Storytelling is society’s way of communicating between people: the
histories, the hopes, the personal details. While this story happened a
few years ago and wasn’t officially recorded, it was passed from
employee to employee and an idea was born: Community Transit impacts so
many lives; those stories should be collected.

Now the agency has launched a project to gather and share stories that
express the importance of public transportation to individuals, in their
own words: unscripted, unrehearsed, unaltered.

I love this. Stories remind us why public transportation is an essential service. Because beyond all the practical reasons to ride, buses are about people.

On buses and birthdays

Folks, I have a serious backblog (so much to talk about: bag upgrades, transit storytelling, route number confusion), and it’s going to take me a minute to catch up. But before I get to all that, I have to share this cake (via: STB’s Sherwin Lee). This is quite possibly the coolest cake I’ve ever seen.
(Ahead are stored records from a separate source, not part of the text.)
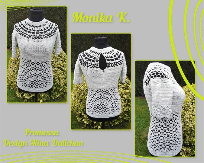 Die Tunika kann aber auch 3 fädig gehäkelt werden. Dann erhöht sich aber der Wollverbrauch.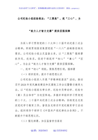 / 公司纪检小组经验做法:“三聚焦”,筑“三心”,为“致力人才智力支撑”提供坚强保障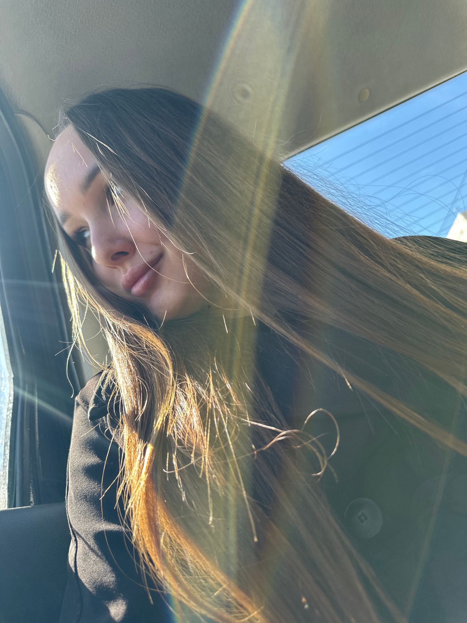 The image shows a woman with long brown hair, possibly inside a car. The scene is brightly lit with sunlight, creating a lens flare effect. The interior of the car is visible, including the roof and a…read more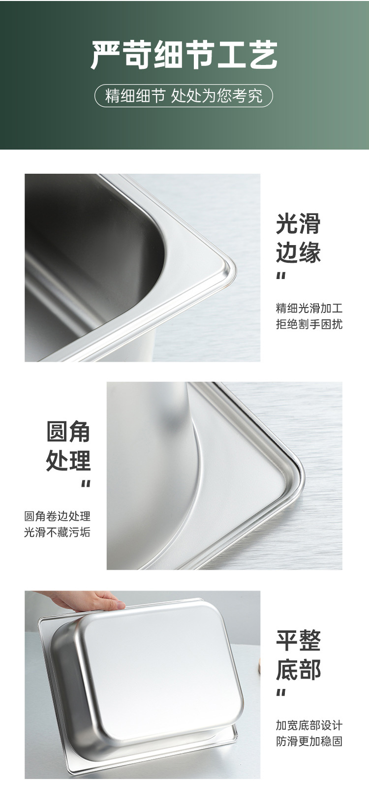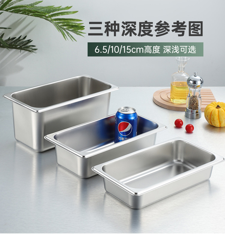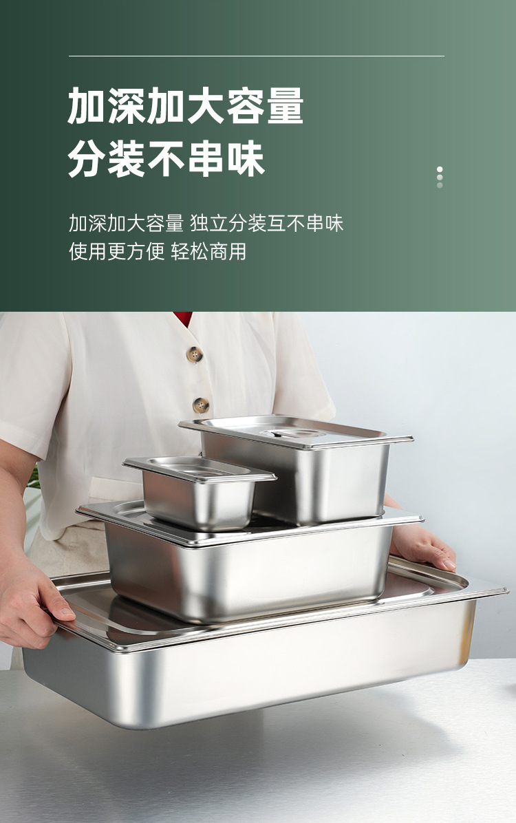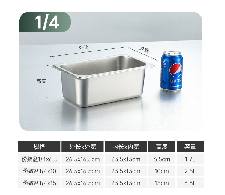 1/1【530*325*15CM】; 1/1【530*325*10CM】; 1/1【530*325*6.5CM】; 1/1【530*325*4CM】; 1/1【530*325*2.5CM】; 1/1 [загнутая крышка]; 1/2【325*265*15CM】; 1/2【325*265*10CM】; 1/2【325*265*6.5CM】; 1/2【325*265*4CM】; 1/2【325*265*2.5CM】; 1/2【закатаная крышка】; 1/3【325*175*15CM】; 1/3【325*175*10CM】; 1/3【325*175*6.5CM】; 1/3 [закатаная крышка]; 1/4【265*162*15CM】; 1/4【265*162*10CM】; 1/4【265*162*6.5CM】; 1/4 [закатаная крышка]; 1/6【176*162*15CM】; 1/6【176*162*10CM】; 1/6【176*162*6.5CM】; 1/6 [завитая крышка]; 1/9【176*108*15CM】; 1/9【176*108*10CM】; 1/9【176*108*6.5CM】; 1/9 [закатаная крышка]
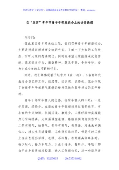 / 在“五四”青年节青年干部座谈会上的讲话提纲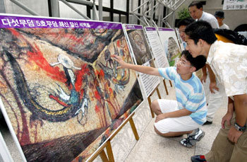 16日,在汉城永登浦区汝矣岛洞国会议员会馆第1层举行的高句丽遗址以及歪曲历史照片展中,学生们正在观看中国集安“5座古墓”内的高句丽古墓壁画中的“海神”和“月神”壁画照片并互相交谈着。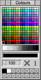 Colours can be selected in a variety of ways. The obvious way is to click on the required colour in the palette window. The chosen colour is immediately added to the block of 16 colours at the bottom of the window. This is known as the Picker. The 16 colours shown are the last 16 that you have used. These 16 colours can be chosen in a variety of ways. You can also select a colour from this block by clicking on it.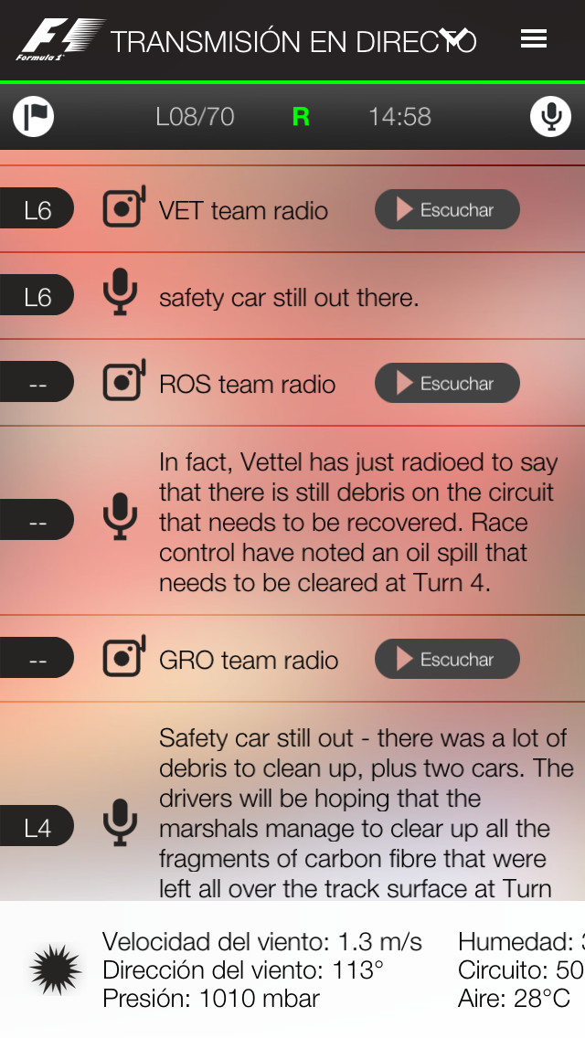 Muchachos, la nueva actualización del APP oficial de F1, le permite a uno escuchar todos las conversaciones por radio de los equipos... vieran que chuzo!!
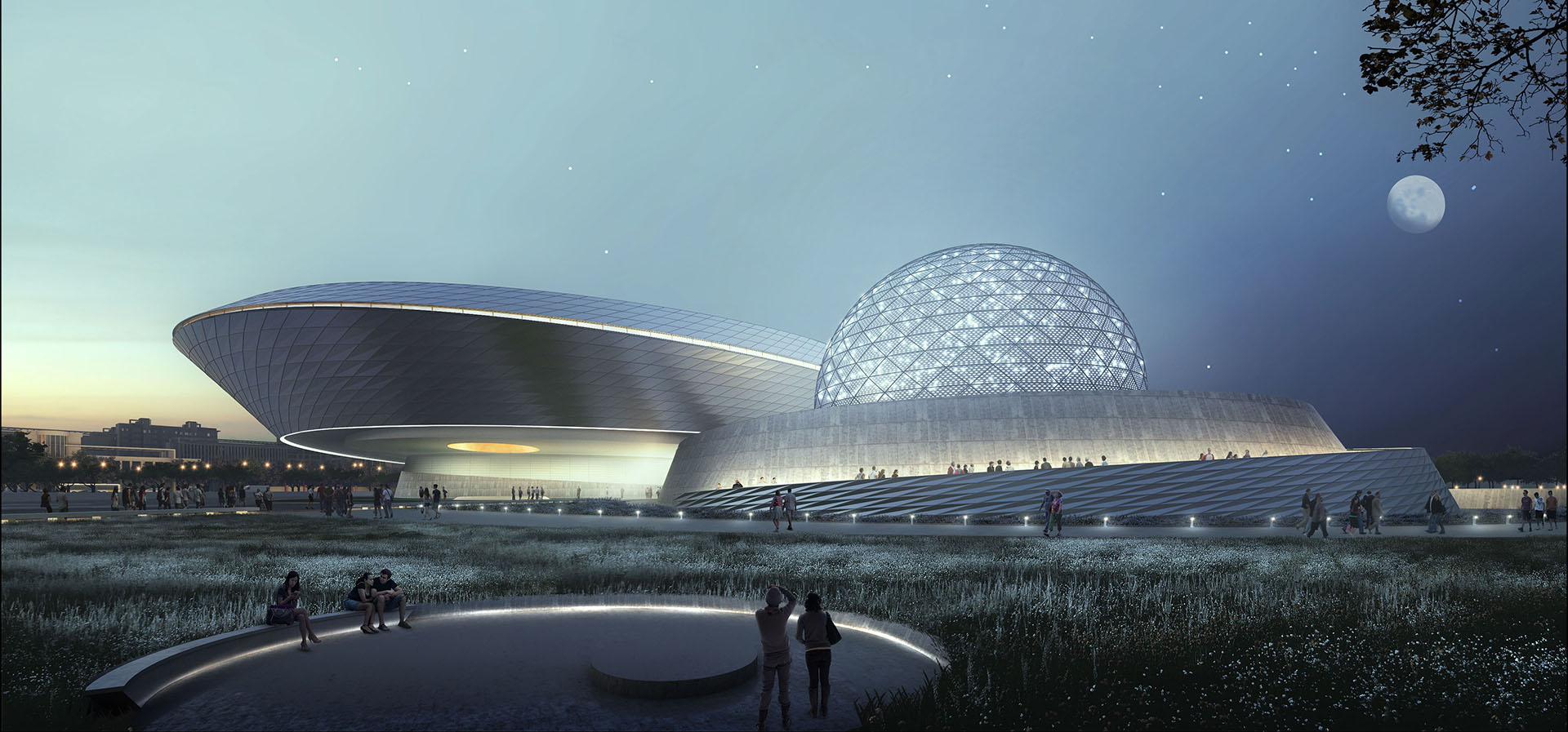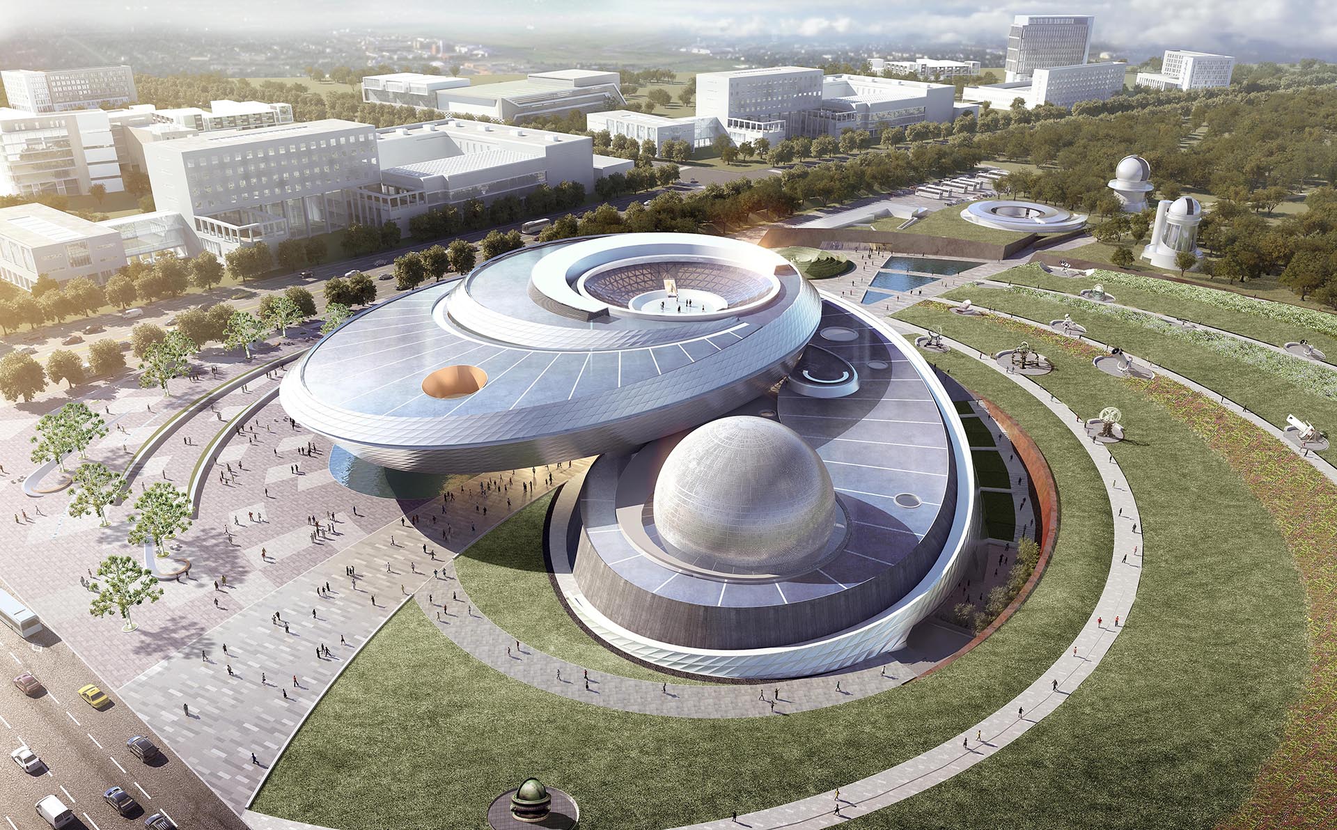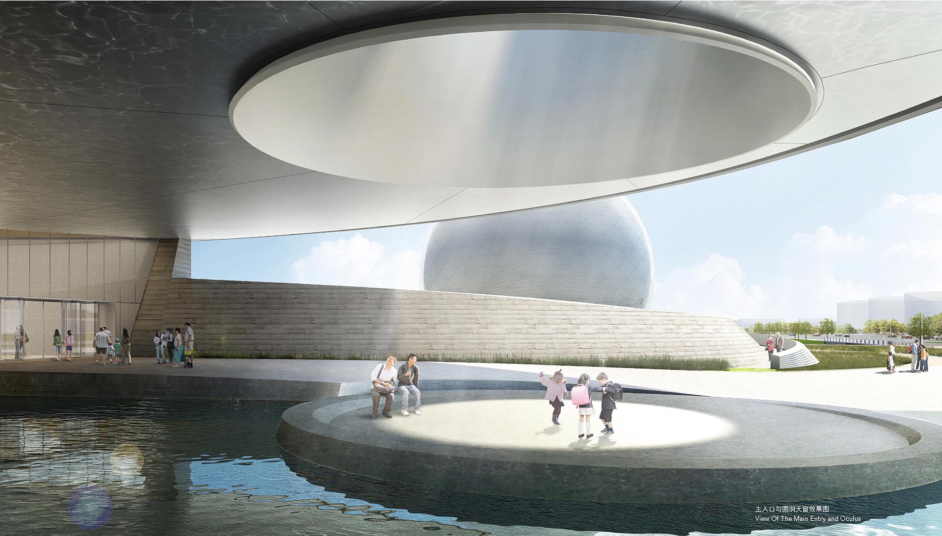 项目位于上海临港地区,该区域为本项目提供了良好的基地环境,整个建筑坐落在环湖绿化带內,北侧为环湖北三路,西侧为临港大道,南侧不远处为天然河道。整个位置对于天文观测有先天的优势,同时距离地铁16号线地铁站不到一公里路程,方便客流的到达。与本项目同处临港地区的航海博物馆、极地海洋世界形成集群效应,提升了区域的影响力。
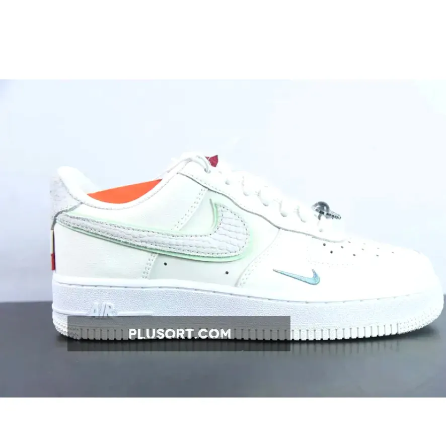 The subdued, sail-toned top of the Air Force 1 Low highlights its minimalism. However, this modest base serves a special purpose. It acts as a canvas, which enables precisely molded embellishments to take center stage. The most eye-catching of them are the swooshes with a reptilian-like feel that run across each side wall.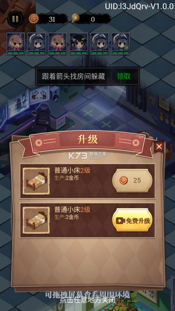 猛鬼别抓我是最近一款很火的3D休闲策略塔防类手游。相信大家此前一定听说过突然爆火的猛鬼宿舍吧,这款游戏就是结合了该游戏的全部玩法,并且优化了游戏画面和操作,给大家更好的游戏体验。在这款游戏中,玩家可以拥有更好的感官体验,不管是游戏角色还是游戏地图、道具都更加精致了,采用了3D建模制作,而且玩家可以更自由的在房间中摆放自己想要的道具,但是大家也需要讲究一定的技巧,不要一味的沉浸在游戏世界中哦。更真实的3D房间,真实的塔防体验。玩家在这里同样可以躺平开始你的发育,但是稍稍不同的是这款游戏目前还不支持联机互动,但是游戏的联网模式已经有入口了,大家可以期待一下哦。另外这款游戏有着非常多的角色,但是需要大家看广告才能获得,很麻烦,但是大家不要担心,本次小编带来的就是这款猛鬼别抓我破解版,该版本已经帮助玩家破解免广告获得奖励,大家直接点击自己想要的角色就可以直接使用哦,而且游戏中也能够直接通过免广告升级道具,获得更好的游戏体验哦。感兴趣的你还在等什么呢,快快前来本站下载体验一番吧。

Little Max is turning two:

Candles as trolley poles? A licorice bike rack? If Nicole McGuire isn’t a full-fledged transit geek, she’s definitely earned her status as an HBC.

It is an interesting coincidence that I was made aware of this cake while Chicklet and I were knee deep in our own birthday baking adventure: non-transit-themed-though-still-quite-tasty birthday cupcakes for Baby Busling, who turned one today. (!)

More soon about my first year busing with two—and all that other stuff I’ve been meaning to get to.